Data extracted from a collection:
* * * * *

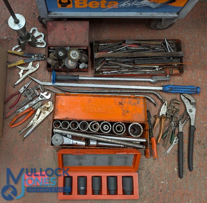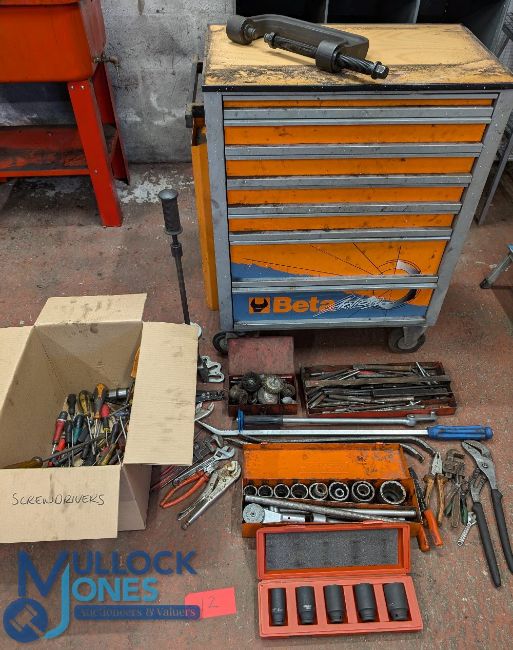 Beta Action Tool chest trolley and various tools - includes various punches, scribes, wire drill bits, socket sets, Palmera large socket set, crow bars, grips, pliers, screwdrivers etc - see image 1x toolbox
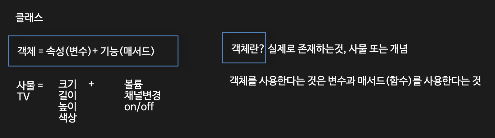 - 객체는 클래스를 통해 만들어진 프로그램의 구성요소이다.
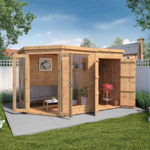 11′ x 7′ Mercia Corner Shiplap Wooden Garden Summerhouse with Side Shed (3.2m x 2.1m)
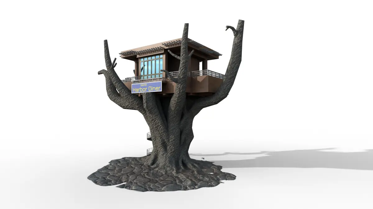 Stylized treehouse diner model ideal for games, animation, and architectural visualization. Inspired by Okinawan architecture with a unique fantasy twist. Comes with clean topology and detailed textures.
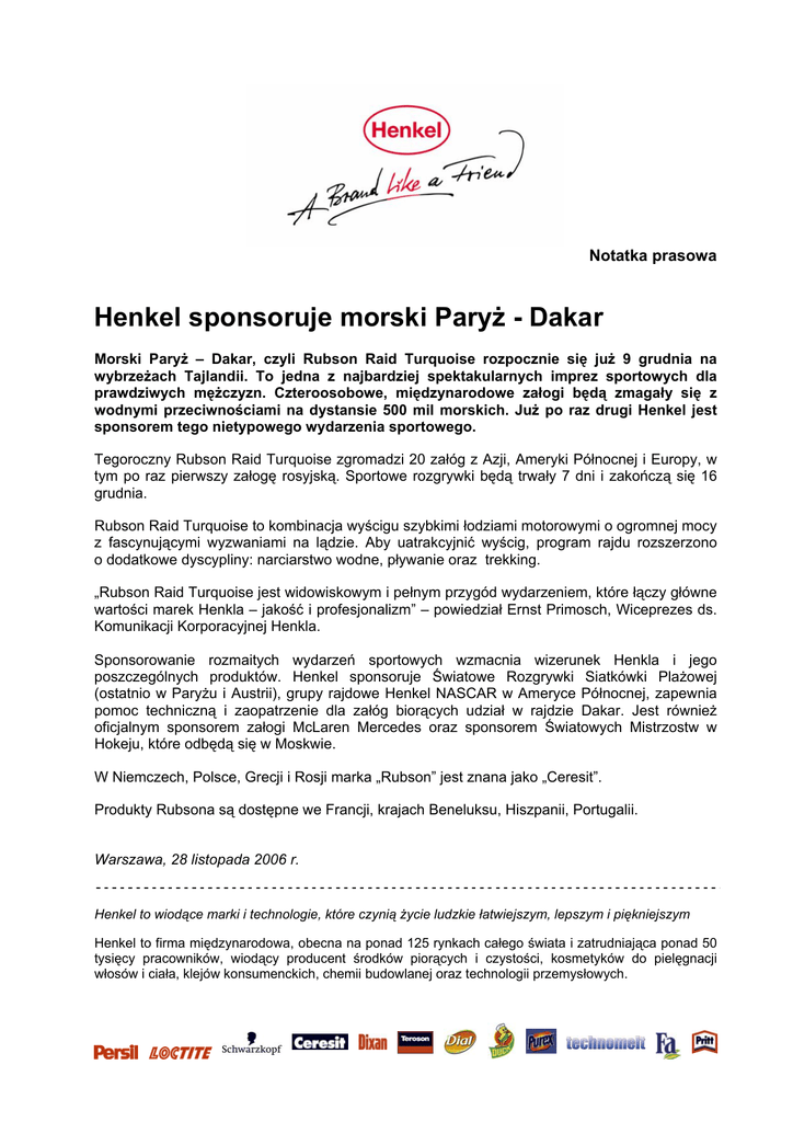 Notatka prasowa Henkel sponsoruje morski Paryż - Dakar Morski Paryż – Dakar, czyli Rubson Raid Turquoise rozpocznie się już 9 grudnia na wybrzeżach Tajlandii. To jedna z najbardziej spektakularnych imprez sportowych dla prawdziwych mężczyzn. Czteroosobowe, międzynarodowe załogi będą zmagały się z wodnymi przeciwnościami na dystansie 500 mil morskich. Już po raz drugi Henkel jest sponsorem tego nietypowego wydarzenia sportowego. Tegoroczny Rubson Raid Turquoise zgromadzi 20 załóg z Azji, Ameryki Północnej i Europy, w tym po raz pierwszy załogę rosyjską. Sportowe rozgrywki będą trwały 7 dni i zakończą się 16 grudnia. Rubson Raid Turquoise to kombinacja wyścigu szybkimi łodziami motorowymi o ogromnej mocy z fascynującymi wyzwaniami na lądzie. Aby uatrakcyjnić wyścig, program rajdu rozszerzono o dodatkowe dyscypliny: narciarstwo wodne, pływanie oraz trekking. „Rubson Raid Turquoise jest widowiskowym i pełnym przygód wydarzeniem, które łączy główne wartości marek Henkla – jakość i profesjonalizm” – powiedział Ernst Primosch, Wiceprezes ds. Komunikacji Korporacyjnej Henkla. Sponsorowanie rozmaitych wydarzeń sportowych wzmacnia wizerunek Henkla i jego poszczególnych produktów. Henkel sponsoruje Światowe Rozgrywki Siatkówki Plażowej (ostatnio w Paryżu i Austrii), grupy rajdowe Henkel NASCAR w Ameryce Północnej, zapewnia pomoc techniczną i zaopatrzenie dla załóg biorących udział w rajdzie Dakar. Jest również oficjalnym sponsorem załogi McLaren Mercedes oraz sponsorem Światowych Mistrzostw w Hokeju, które odbędą się w Moskwie. W Niemczech, Polsce, Grecji i Rosji marka „Rubson” jest znana jako „Ceresit”. Produkty Rubsona są dostępne we Francji, krajach Beneluksu, Hiszpanii, Portugalii. Warszawa, 28 listopada 2006 r. Henkel to wiodące marki i technologie, które czynią życie ludzkie łatwiejszym, lepszym i piękniejszym Henkel to firma międzynarodowa, obecna na ponad 125 rynkach całego świata i zatrudniająca ponad 50 tysięcy pracowników, wiodący producent środków piorących i czystości, kosmetyków do pielęgnacji włosów i ciała, klejów konsumenckich, chemii budowlanej oraz technologii przemysłowych. W Polsce Henkel działa od 16 lat. Uruchomił 6 ośrodków produkcyjnych: w Raciborzu, Stąporkowie, Wrzącej, Dzierżoniowie, Ciechanowie i Bielsku-Białej, produkujących zarówno na potrzeby rynku polskiego, jak i na eksport. Zatrudnia w Polsce ponad 1100 pracowników. Kontakt: Dorota Strosznajder PR Manager, Henkel Polska Sp. z o.o. [email protected] tel: (+22) 565 66 65 Magda Gieorgica Mmd Poland - Corporate, Public Affairs & Public Relations Consultants [email protected] tel: (+22) 536 04 63 Materiały graficzne: www.press.henkel.com
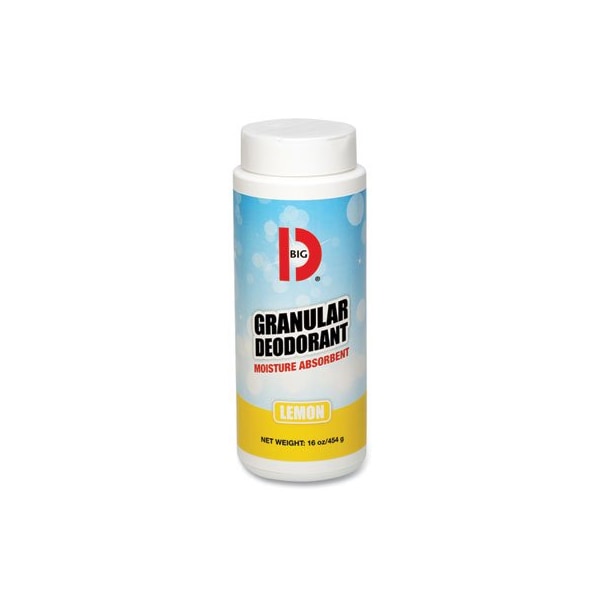 BIG D GRANULAR DEODORANT destroys odors and absorbs moisture in one operation. Designed to be sprinkled on and vacuumed or swept away, it is excellent for garbage cans, dumpsters, pet shops and kennels. The dried clay which forms the base of GRANULAR DEODORANT absorbs moisture rapidly, and the BIG D deodorant in it destroys all odors on contact. Designed to be used on areas affected by vomit, feces, wet garbage, oils and more. GRANULAR DEODORANT may be mixed with sand in smoking stands, or used as cat litter. Clay Base. Scent: Lemon; Physical Form: Powder; Application: Odor Control; Capacity Weight: 16 oz.
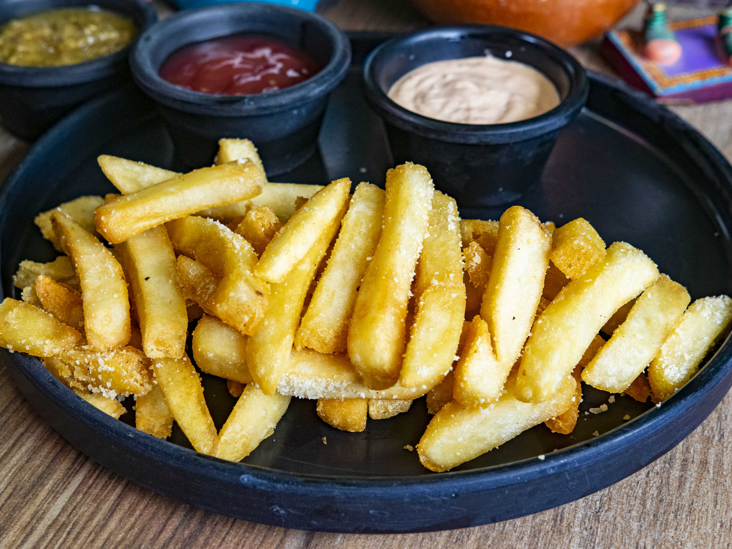 Papas francesas espolvoreadas con queso parmesan, acompañado de catsup y aderezo
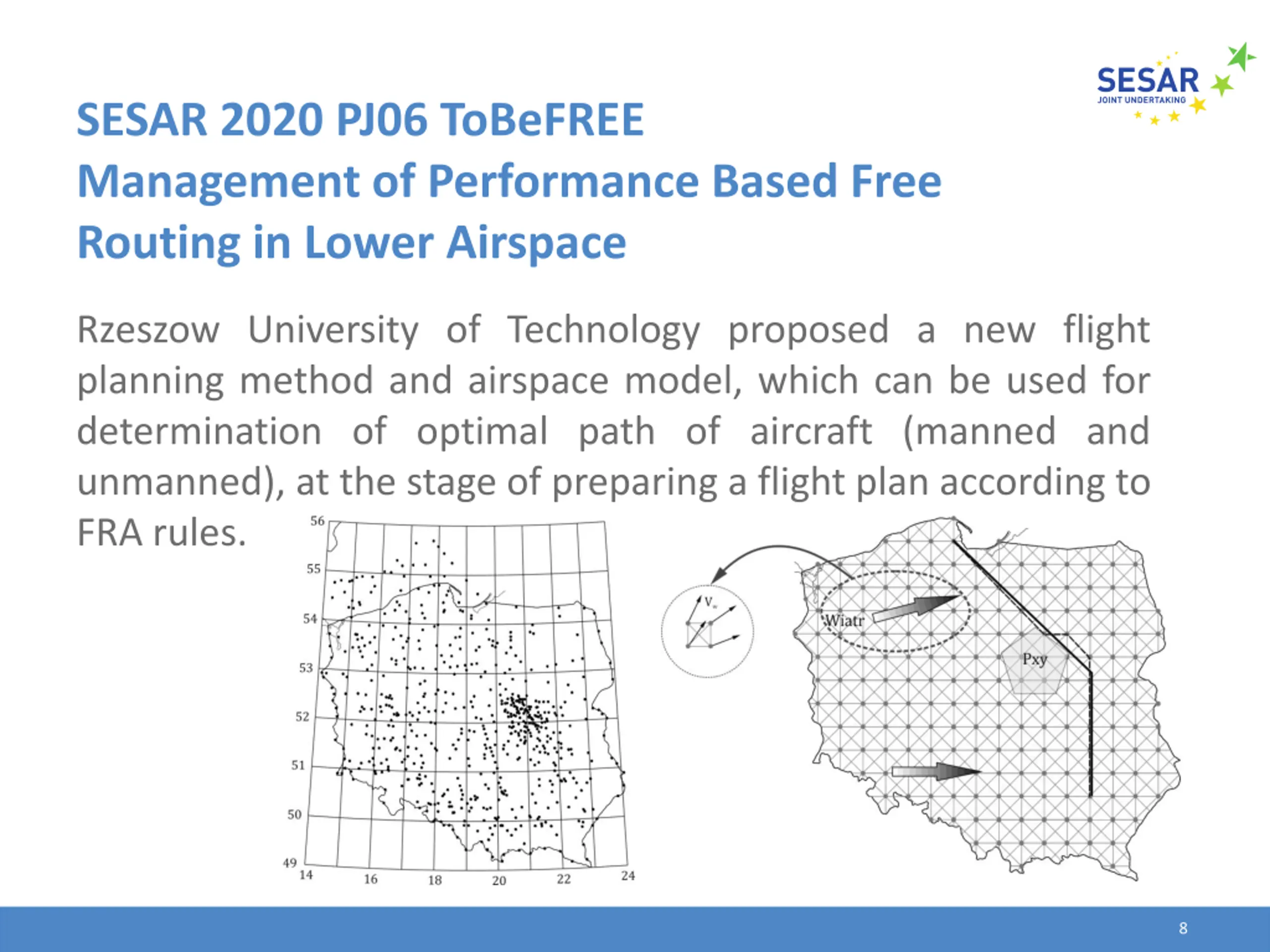 SESAR 2020 PJ06 ToBeFREE Management of Performance Based Free Routing in Lower Airspace Rzeszow University of Technology proposed a new flight planning method and airspace model, which can be used for determination of optimal path of aircraft (manned and unmanned), at the stage of preparing a flight plan according to FRA rules. 8
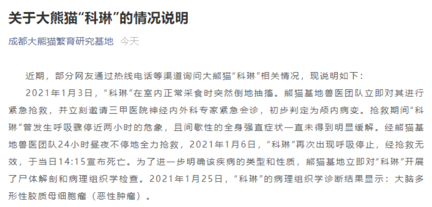 2021年1月3日,“科琳”在室内正常采食时突然倒地抽搐。熊猫基地兽医团队立即对其进行紧急抢救,并立刻邀请三甲医院神经内外科专家紧急会诊,初步判定为颅内病变。抢救期间“科琳”曾发生呼吸骤停近两小时的危象,且间歇性的全身强直症状一直未得到明显缓解。经熊猫基地兽医团队24小时昼夜不停地全力抢救,2021年1月6日,“科琳”再次出现呼吸停止,经抢救无效,于当日14时15分宣布死亡。为了进一步明确该疾病的类型和性质,熊猫基地立即对“科琳”开展了尸体解剖和病理组织学检查。2021年1月25日,“科琳”的病理组织学诊断结果显示:大脑多形性胶质母细胞瘤(恶性肿瘤)。
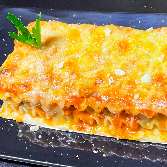 380 gr. lasaña de 4 niveles con carne boloñesa , salsa bechamel y quesos gratinados al horno.
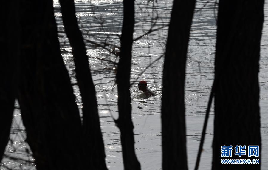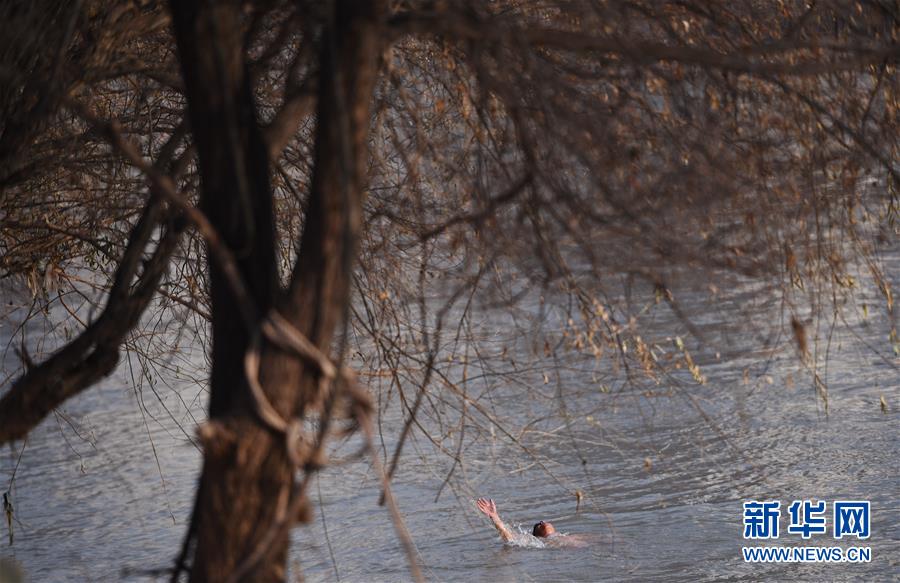 12月18日,冬泳愛好者張敏捷在黃河冬泳。新華社記者馬寧攝

* * * * *

WORK TASK: Nothing but the lines from the top of the data above through the line containing "Stylized treehouse diner" should be output, exactly as written and without the pictures.

SOLUTION TO THIS EXERCISE:
 Beta Action Tool chest trolley and various tools - includes various punches, scribes, wire drill bits, socket sets, Palmera large socket set, crow bars, grips, pliers, screwdrivers etc - see image 1x toolbox
 - 객체는 클래스를 통해 만들어진 프로그램의 구성요소이다.
 11′ x 7′ Mercia Corner Shiplap Wooden Garden Summerhouse with Side Shed (3.2m x 2.1m)
 Stylized treehouse diner model ideal for games, animation, and architectural visualization. Inspired by Okinawan architecture with a unique fantasy twist. Comes with clean topology and detailed textures.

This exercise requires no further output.